So in the end, I listened to the deliberation for hours. And I can hear two women shouting in the deliberation room. And what I can hear from sitting at that table was they were yelling, This is ridiculous this makes no sense. I didn't what was going on in the deliberation room, but when the jurors walked out, I saw two women crying, and I knew right there that my fate had been sealed. So they walked out, and I remember when they read the guilty verdict, I just dropped, and I cried like I held-- I hadn't cried in a year and nine months because being in jail, you have to maintain a tough image because things happen. And you have to be ready to protect yourself at all times.

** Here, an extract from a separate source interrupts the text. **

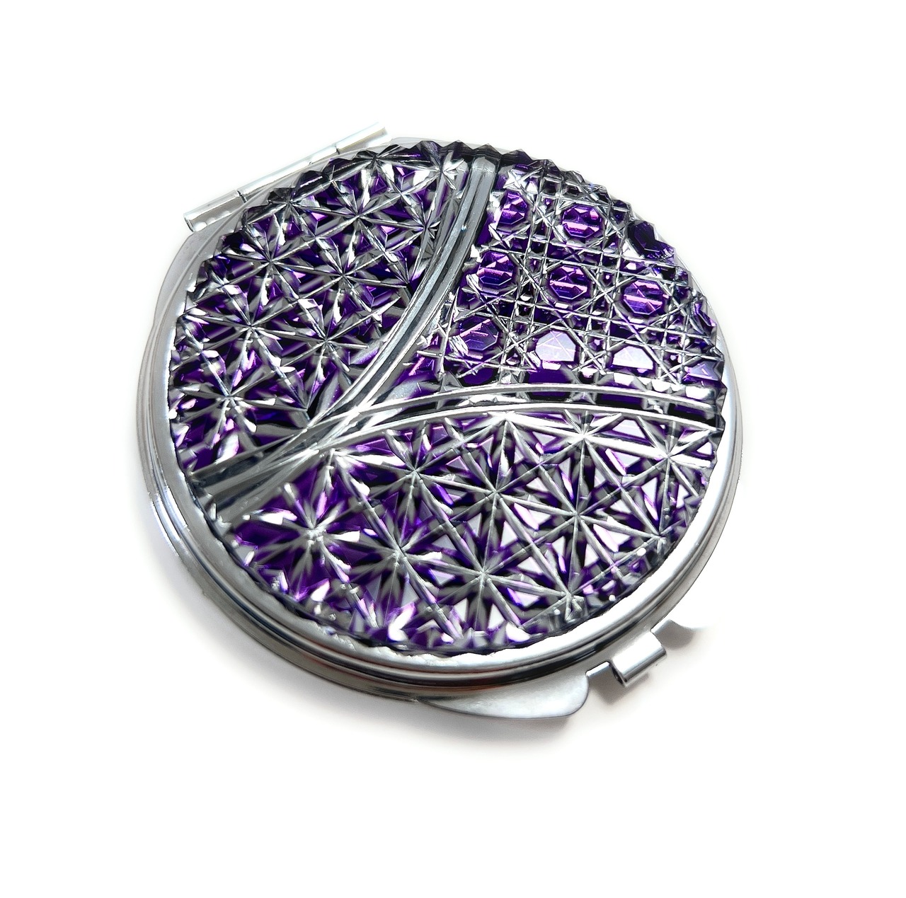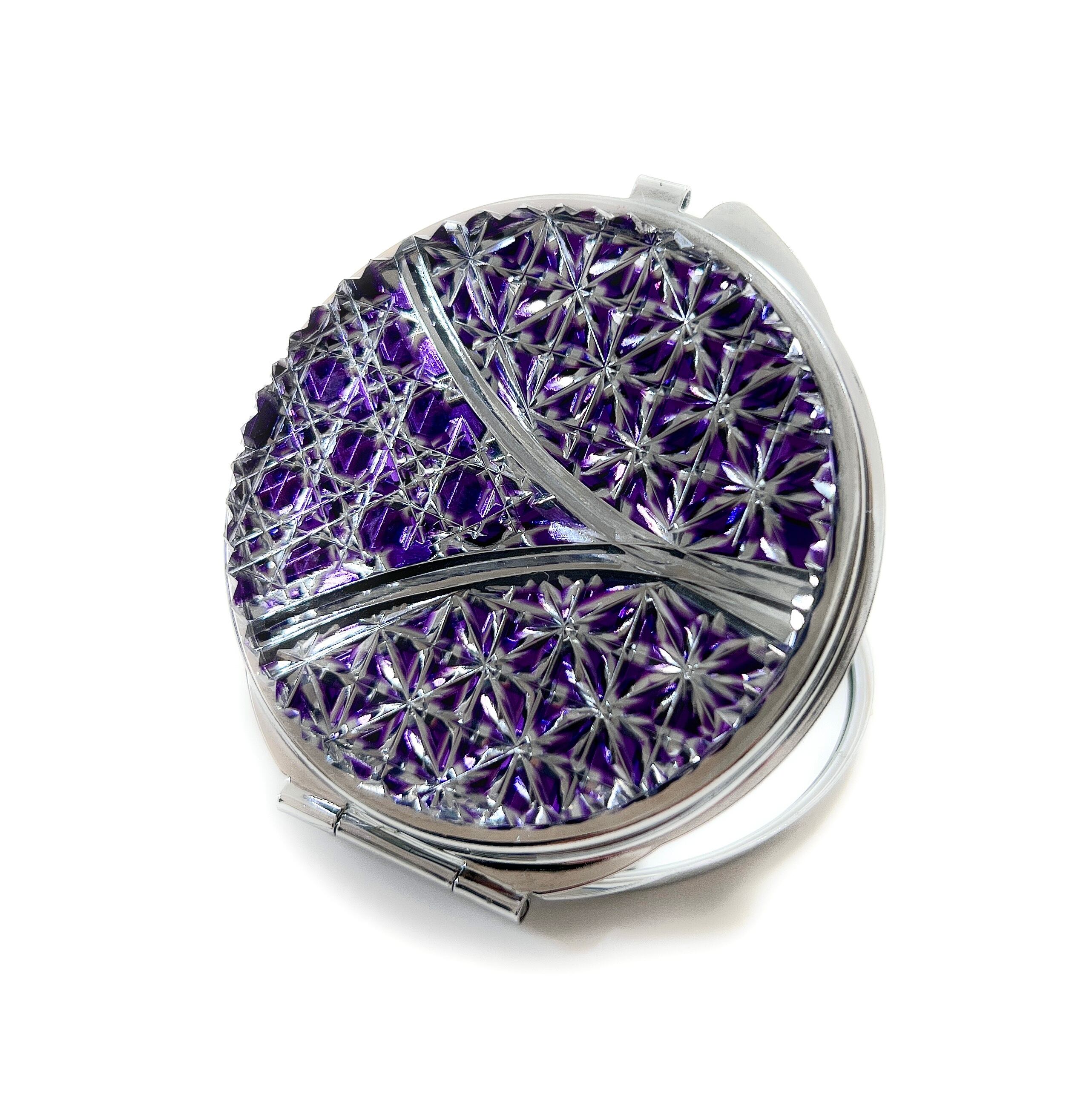 東京切子コンパクトミラー 海神 ~わだつみ~ 紫 Silver
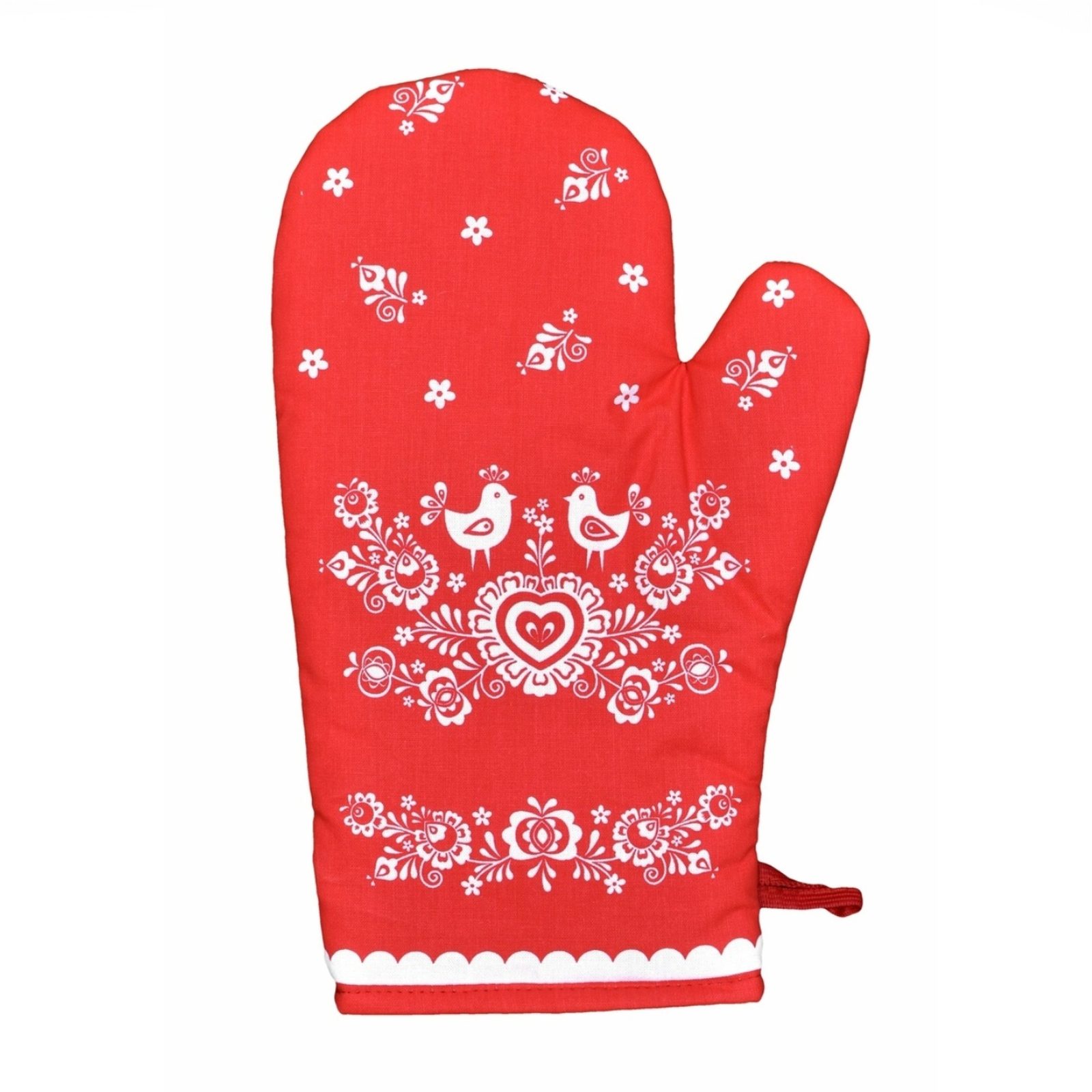 Kuchyňská chňapka s krásným slováckým motivem laděná do červené a bílé barvy. Vzor Folk červený podklad. Skvělý tip na dárek. Ve stejném vzoru najdete v nabídce i zástěru.

So I couldn't show any fear. I was scared to death in that place, but I couldn't show no one. But when they read that guilty verdict, I just dropped my head on the table and I cried. I cried for all those months that I was in that place. And I remember just feeling numb. And as we talked about earlier, I was living two realities at one time, if this makes sense. I was the person actually going through this, and I was also a person who was watching the person going through this because I had to emotionally detach myself from it in order to effectively assist my attorneys in helping me get out of prison.

And it was very difficult because no matter how much I tried to look at it from a legal standpoint, it was me. I had to look at my parents when they came to visit me, and we all were pretending. They were pretending for me that everything was OK because they didn't want me to worry. And of course, I pretended for them because I didn't want them to worry. And then I met my wife, and I started pretending for her. I didn't want her to worry. And in the end, what I learned was that if we all just start wanting for others what we want for ourselves, this type of thing wouldn't happen.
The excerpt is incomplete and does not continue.